Simulation of non-Newtonian fluid seepage into porous media stacked by carbon fibers using micro-scale reconstruction model

Abstract

Ceramic matrix composite of carbon fiber framework reinforced by silicon carbide (Cf/SiC) is a new material with excellent properties. In order to improve its preparation process, the flow of polycarbosilane solution in carbon fiber is studied based on the computational fluid dynamics method. CT images of carbon fiber porous media are obtained by Micro-CT imaging technology and optimized by means of ImageJ software. The 3D solid matrix and pore space models of carbon fiber porous media are established by using Mimics software, and the pore space model is meshed.
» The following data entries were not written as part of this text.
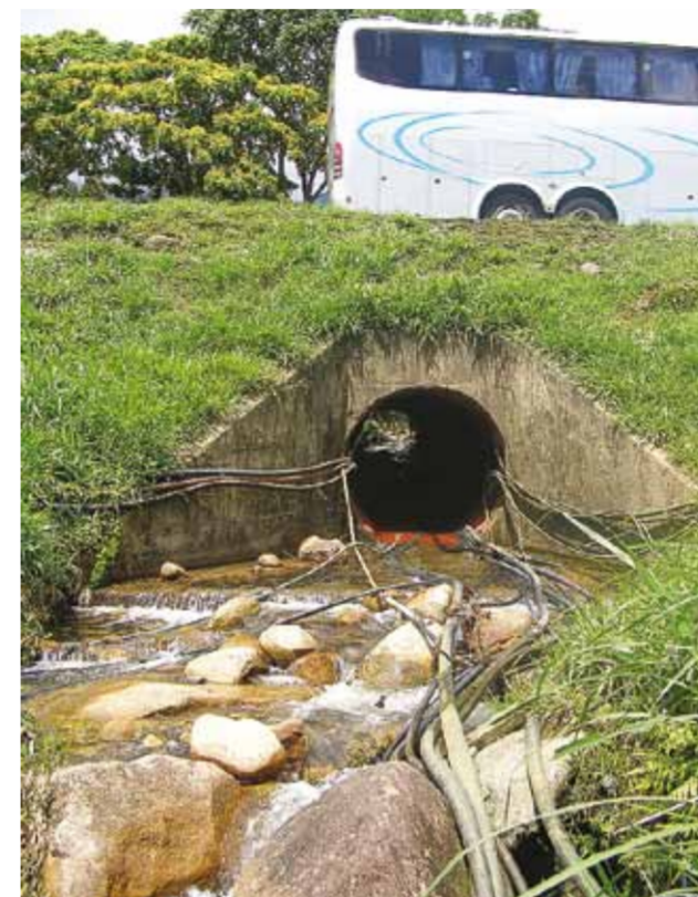
Emaranhado de águas fornecidas ilegalmente e sem tratamento está com os dias contados no “Paraíso das Águas”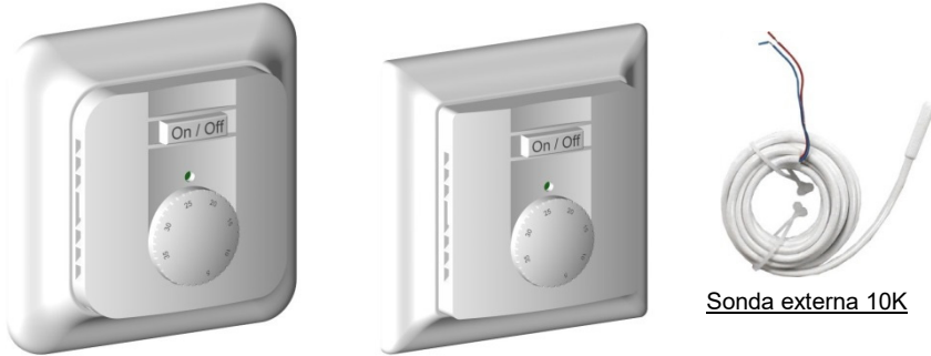
Sonda externa 10K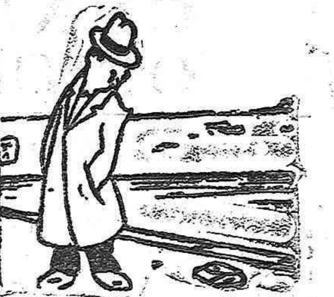
El carterista. — Un moneder! Ara em posaré malalt. El metge m'ha prohibit cap emoció forta. («Pages Gales», Yverdon.)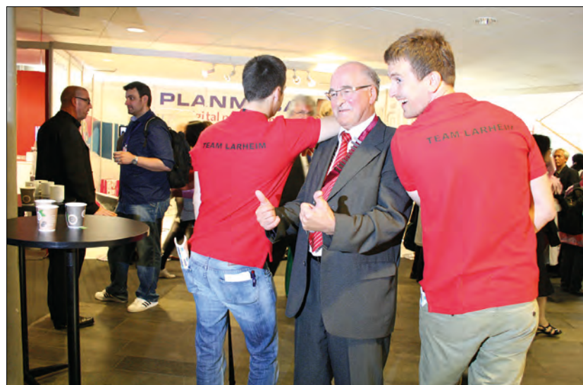
Studenter og annet staff gikk i røde pirquet skjorter.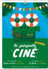
Maxime Le Clanche

le 21/08/2022 Tarifs Libre participation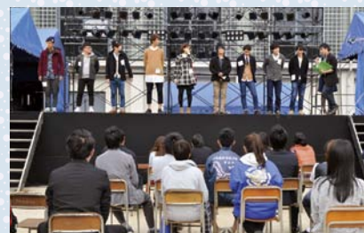
大学選り抜きのファッションistaが勢揃い

今回も無事高城祭を終えることができました。地域の皆様と本学の教職員、学生の皆様、系列高校の皆様、お世話になった関係企業の皆様等、様々な支えがあって私たちの祭が行えたことに感謝しております。本当にありがとうございました。次回もよろしくお願いいたします。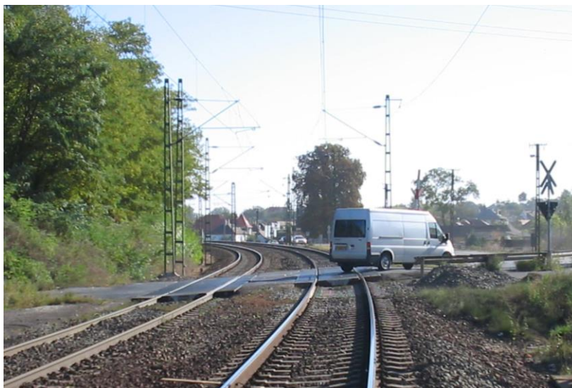
Strail burkolatú átjáró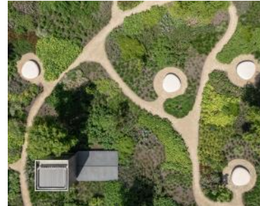
2024 De Meelfabriek Tuin - 240607 SAA - MF P35 - DRONE 0142 - 5000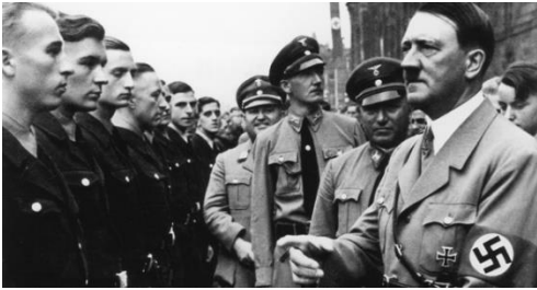
Hitler và Chính quyền III Reich

sưu tập gồm những bộ não của những nạn nhân trong chiến dịch "chết danh dự" T4 lúc đó nhằm triệt để loại bỏ những phần tử bất hảo của dân tộc Đức. Trong số này, nhiều trẻ con bị giết bởi vì chúng đem lại ích lợi lớn cho khoa học. Và hơn nữa, chính quyền III Reich cho rằng chúng tuy là dân Đức nhưng không xứng đáng được sống chung với những người khác.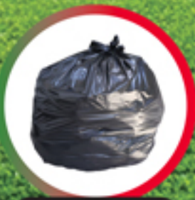
ถุงพลาสติก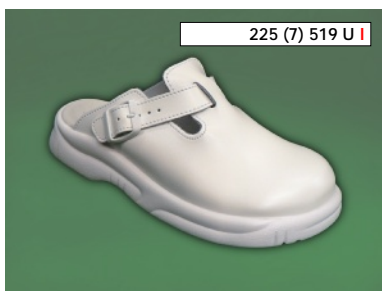
225 (7) 519 U I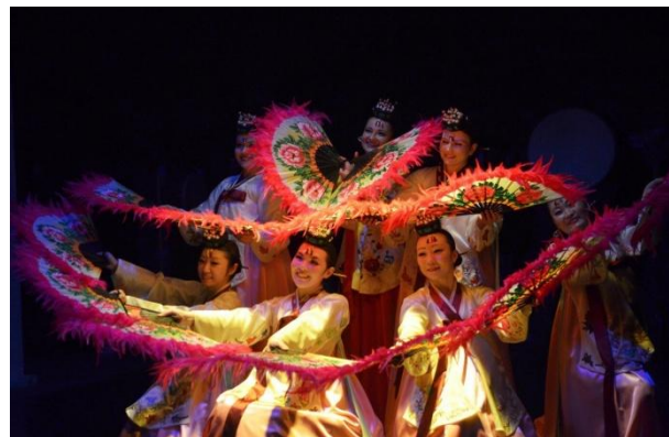
150-летие добровольного переселения корейцев в Россию

2. Поддержка региональных программ, направленных на формирование и укрепление гражданского патриотизма и российской гражданской идентичности, этнокультурное развитие народов России и поддержку языкового многообразия на территории Российской Федерации – 3 182,6 млн. рублей до 2020 года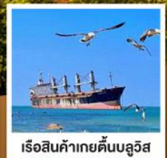
เรือสินค้าเกย์ตันบลูวิส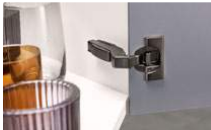
Application d'angle +15° III, +30° II, +45° I, +45° II CLIP top BLUMOTION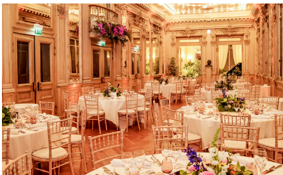
Grand Foyer, dîner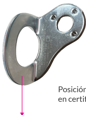
Posición admitida en certificado CE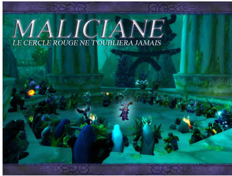
Fig. 27 : Mal'Ganis 2

À tous ces titres, il semble plus que nécessaire d'investir le monde d'Internet et des jeux vidéos en ligne afin de rechercher les multiples socialisations funéraires instituantes accessibles. Dans cet espace particulier, la mort est circonscrite et ritualisée par les pairs pour construire du sens autour de la mort de leur ami. Au même titre que les lieux de l'accident, la tombe peut être investie dans un premier temps mais les amis ne se préoccupent pas, ou très peu, de l'entretien de cette trace. En revanche, ils préfèrent choisir des espaces et des matières qui signifient la durée et qui ne leur exigera pas un investissement régulier. Les uns vont poser une plaque et la sceller sur les lieux de l'accident, les autres vont se rendre visible pendant un temps et ensuite figer dans la pierre et aux yeux de tous des memento mori , ou encore d'autres vont discuter via Facebook de l'épithaphe à graver sur la pierre tombale, et même créer une page Facebook. La pierre et le dessin, même si les formes de les utiliser sont différentes, reprennent des images classiques pour signifier la durée. En cela, Internet est un des outils signifiant la durée et permettant un minimum d'investissement de la part des amis tout en sachant que la page restera disponible.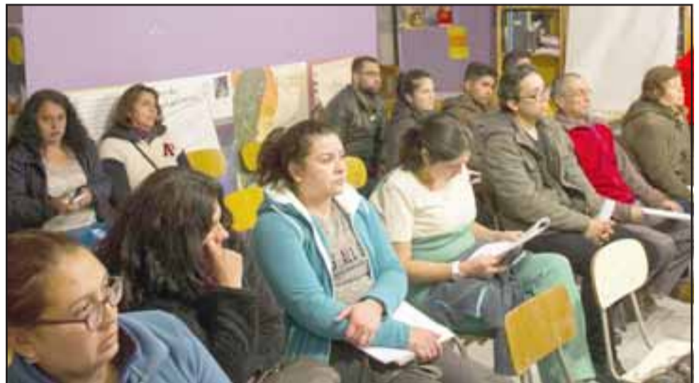
Los vecinos calificaron de positiva la reunión y valoraron la presencia de las autoridades, participando todas las organizaciones del sector, desde la Punta del Olivo hasta Las Cabritas.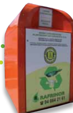
Etxean erabilitako olioia Aceite doméstico usado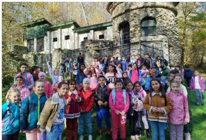
1. stupeň - výlet v Betliari

Keďže sme škola pre všetkých, svoje miesto v rámci podporných opatrení má aj školský podporný tím, ktorý tvoria 10 pedagogickí asistenti a sociálny pedagóg. Pedagogickí asistenti sa venujú žiakom so zdravotným znevýhodnením a v rámci viacerých aktivít sa venovali rozvoju grafomotoriky, jemnej a hrubej motoriky, pamäti, zmyslovému vnímaniu a učebným štýlom. Sociálno-pedagogická intervencia realizovaná školským podporným tímom bola zameraná na rozvoj empatie, prosociálne správanie, podporu spolupráce, kreativity a wellbeing v školskom prostredí. Sociálna pedagogička pracuje s našimi žiakmi a rozvíja ich sociálne zručnosti v rámci programu Buddy a ranných kruhov. V 1. ročníku sme využili metódu dobrého štartu na úspešnú adaptáciu žiakov na školské prostredie.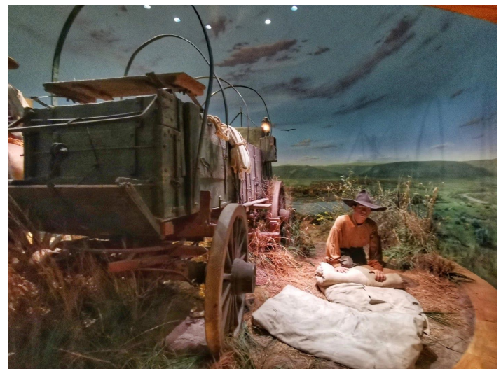
National Cowboy and Western Heritage Museum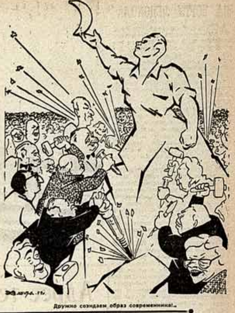
Дружно создаем образ современника...

ПРЕОБРАЗОВАНИЕ самостоятельного театрального коллектива в народный театр — это сложный процесс. От любительства, обычно отсутствующего дилетантизмом, как метод определила его великий русский драматург А. Н. Островский, коллектив театральной самостоятельности обязан освобождаться, заменяя его подлинной умелостью, богатством профессиональных знаний и навыков. Наша мечта — овладение второй профессией, совершенно не связанной ни с какой материальной заинтересованностью. Это огромная, труднейшая задача. Чтобы решить ее, мало освоить основы искусства актера, спонсическую речь, грим. Это лишь начало. Нельзя забывать такие компоненты жизни театрального коллектива, как работа постановочной частью, организация театрального процесса, оформление спектакля, светотехника, внутренняя распорядок и еще многое другое. Как это приобрести, как этому научиться? Если два театра — профессиональный и самостоятельный, будут жить как бы одной жизнью, если мы сможем постоянно получать помощь и советы мастеров сцены, процесс превращения самостоятельного коллектива в творчески жизнеспособный народный театр пойдет значительно быстрее и успешнее.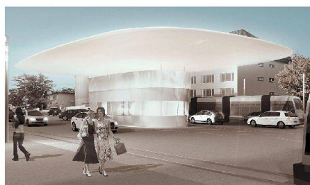
01-02 «Strahlend Weiss» (Zickenheiner Arch.)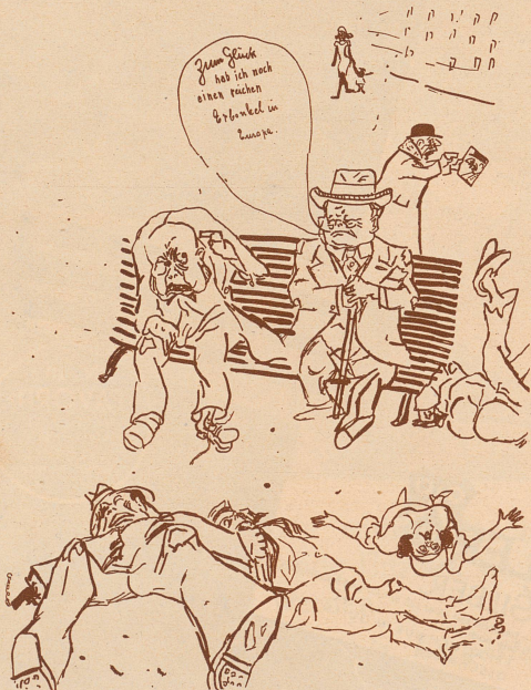
Der Onkel in der alten Welt soll helfen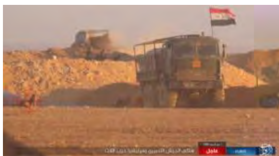
Справа: брошенный грузовик сирийской армии возле одной из позиций в Вади Аль Ваар. Слева: покинутая позиция сирийской армии в Вади Аль Ваар ("ахбар аль муслемин", 24 августа 2017 г.)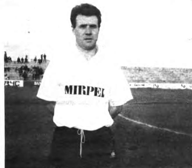
Corró, cuajó una buena actuación.

En definitiva, segunda salida consecutiva del cuadro de Inca y segundo empate consecutivo lejos del Nou Camp de Inca.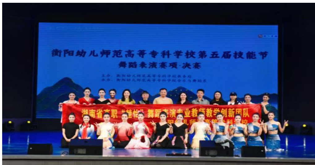
图 1-19 第五届技能节舞蹈表演决赛风采

以创新创业竞赛为牵引，激发创新实践活力。学校深耕创新创业教育，打造“赛事引领、课程支撑、实践赋能”的双创育人体系，常态化开展校级创新创业竞赛。以艺术展演培育为抓手，传承优秀传统文化。学校高度重视艺术教育与文化遗产融合，依托开设的音乐表演专业（祁剧班），将祁剧等传统艺术培育深度融入人才培养体系，通过常态化开展艺术技能训练、校园艺术展演等活动，精准挖掘和培育艺术特长人才。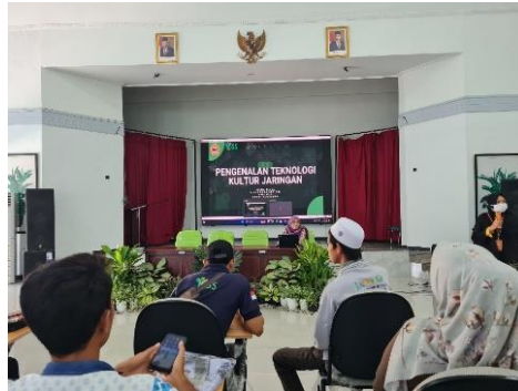
Gambar 1. Sosialisasi dan FGD tentang Pengenalan Kultur Jaringan

Kegiatan sosialisasi dilanjutkan dengan Focus Group Discussion (FGD) agar peserta dapat langsung bertanya dan diskusi terkait kultur jaringan sebelum terjun ke praktik laboratorium. Dalam sesi ini dipamerkan beberapa hasil kultur jaringan yang dapat memberi gambaran awal bagi para peserta dan memicu pertanyaan-pertanyaan dari wirausahawan tani yang tertarik.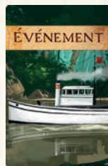
Cartes Événement (12)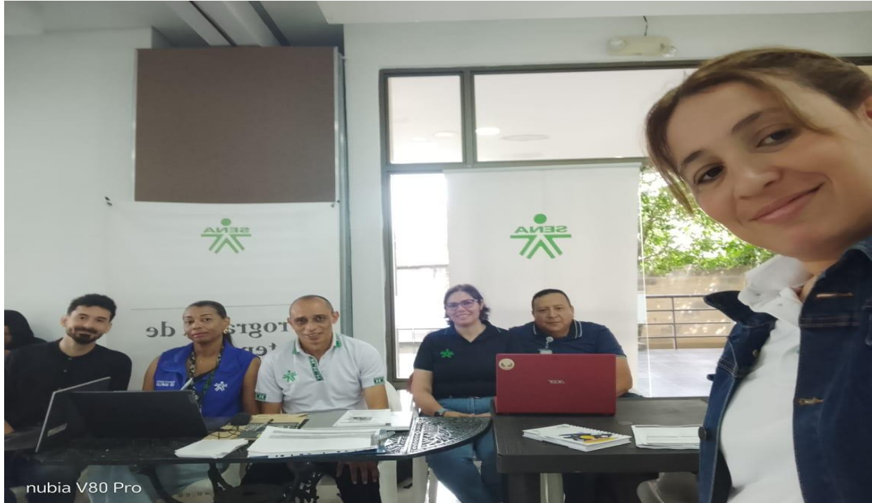
nubia V80 Pro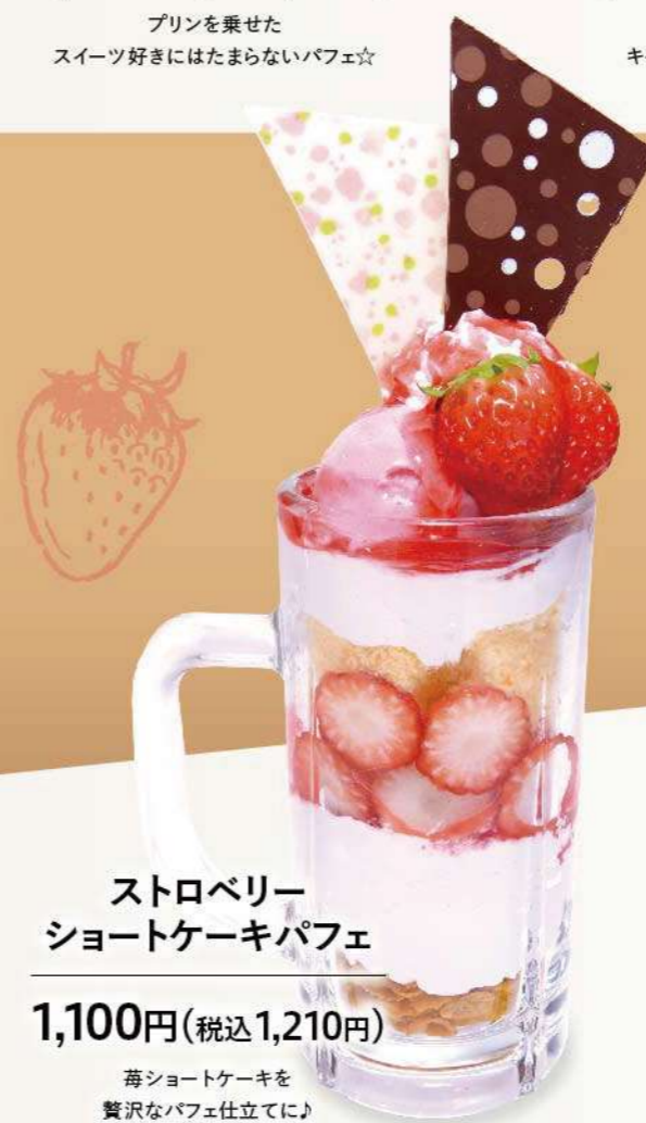
ストロベリー ショートケーキパフェ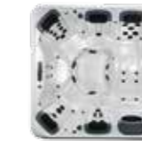
A7L , 5 JetPaks 224 x 224 x 91 cm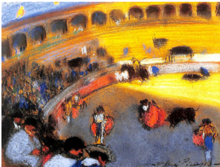
Figura 1. Pablo Picasso, La corrida , Barcelona, 1900, óleo sobre lienzo, colección privada, Barcelona.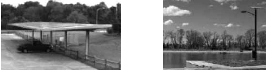
Figura 3: Sistema mixto de iluminación exterior (derecha). Sistema de energía fotovoltaica exterior (izquierda) Referencia: Material gráfico Arq. Cabeza ,Alejando, 2010.

Para el abastecimiento de electricidad en el Bioparque, se tomo la decisión de contar con un sistema mixto: para la zona administrativa y educativa se ocupara la red de la Comisión Federal de Electricidad y como complemento la utilización de energía fotovoltaica solar. En el caso de los módulos de servicios aislados o contenedores, se utilizará un sistema de energía solar renovable fotovoltaica en su totalidad.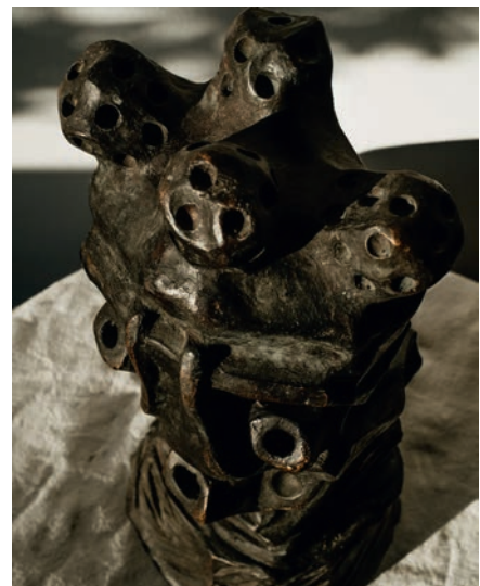
Sculpture «Horizontality of Things» de la série Expressions à travers les profondeurs , de Dieex Bitegets.

Le second volet, Expressions à travers les profondeurs , comporte dix bronzes insufflés par l'intuition et un mouvement intérieur. Les titres des œuvres et les poèmes qui les accompagnent sont en néerlandais, en anglais, en lingala et en swahili. Ce multilinguisme renvoie au monde stratifié au sein duquel l'artiste navigue et qui sans cesse donne forme à son identité plurielle.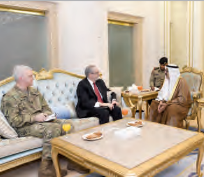
الشيخ ناصر صباح الأحمد يستقبل سفير الولايات المتحدة الأمريكية لورانس سيلفرمان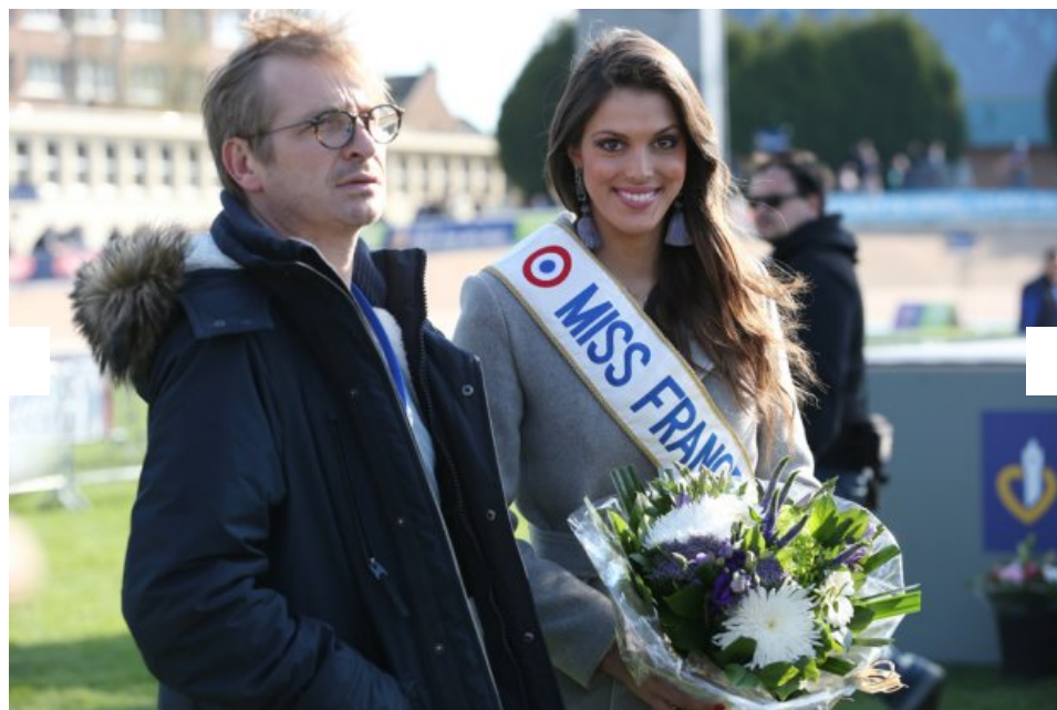
PHOTO Paris Roubaix 2016 - 10/04/2016 - Compiègne / Roubaix (257,5 km) - Iris Mittenaere, Miss France 2016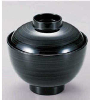
② W-17-10 TA 3.4寸小町吸椀 黒木目 ¥1,600 (10.3φ×9.8) 楕100 240cc 90g

Using the computational fluid dynamics software Fluent, the VOF multiphase flow model is adopted, the surface tension model and contact angle model are introduced considering the micro-pore effect of porous media, and a suitable mathematical model for the transport of gas–liquid two-phase flow in carbon fiber porous media is established. The validity of CFD mathematical model is verified by comparing experimental data with simulation results. Based on the CFD simulation results, the effects of feed pressure, surface tension coefficient and contact angle on fluid flow are studied. It is found that the larger the feed pressure and contact angle, the more uniform the distribution of liquid phase, pressure and velocity in the medium, which is conducive to the flow of liquid phase in porous media. The larger the surface tension coefficient, the longer the breakthrough time of liquid, and the more uneven the liquid distribution. This study is helpful to understand the law of fluid transport in porous media and provides theoretical basis for the preparation of Cf/SiC composites.